Important detail for the let rule: if we have for example the declarations y = x, x = 1 and we infer the type of y before inferring the type of x, the type of y will be incomplete that the type of x will not be inferred. For this reason, it is important to infer the type of all ei before passing them to gen, otherwise gen is likely to think that y is polymorphic.
4 Your work
Your job is to complete the code for the elaborate and eval predicates. The code provided to you already contains a skeleton of these predicates as well as a few other predicates which will be useful mainly for the second phase:
—Instantiate: implements the σ⊂tau rule.
—Freelvars: implements the fv function.
—Generalize: does the job of gen.
5 Discount
You must submit two files, h2035.pl and rapport.tex. These files will be delivered in electronic form, through Moodle / StudiUM.
6 Details
The score is based on the one hand on automatic tests, on the other hand on the reading of the code, as well as on the report. The most important criterion, and that your code must behave correctly. In general, a simple solution is more often correct than a complex solution. Then comes the quality of the code: the simpler, the better. If there are a lot of comments, it is usually a symptom that the code is not clear; but of course, without comments the code (even simple) and often incomprehensible.

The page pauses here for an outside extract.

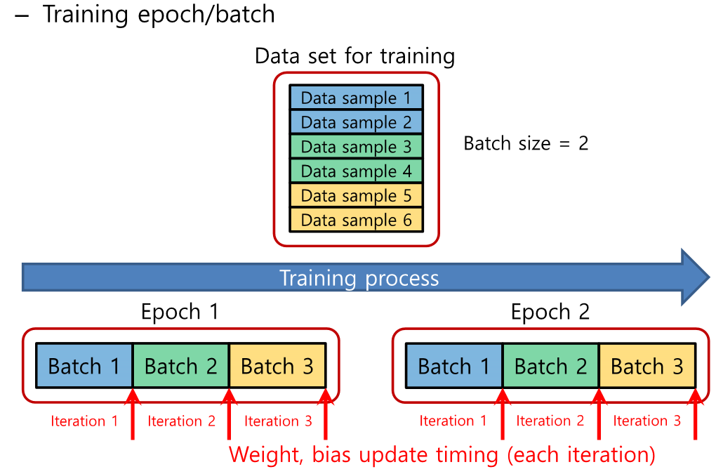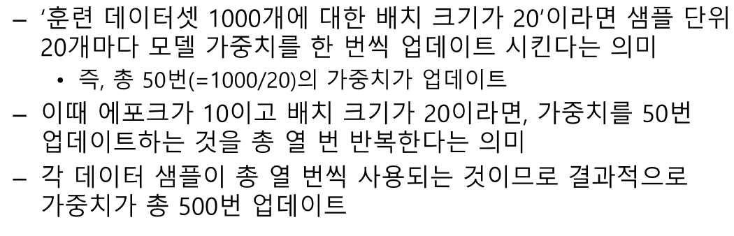 에폭은 너무 적다면 학습이 안될 수도, 너무 크다면 너무 많이 학습해서 오버피팅이 일어날 수 있다.

The efficiency of your code is irrelevant, unless it uses a really particularly ridiculously inefficient algorithm. Points will be distributed as follows: 25% on the report, 25% on the automatic tests, 25% on the code of the ‘elaboration, and 25% on the evaluator’s code. – The code must in no case exceed 80 columns. – Check the course web page, for any errata, and other additional indications. – All use of material (code or text) borrowed from someone else (found on the web, …) must be duly mentioned, otherwise it will be considered plagiarism.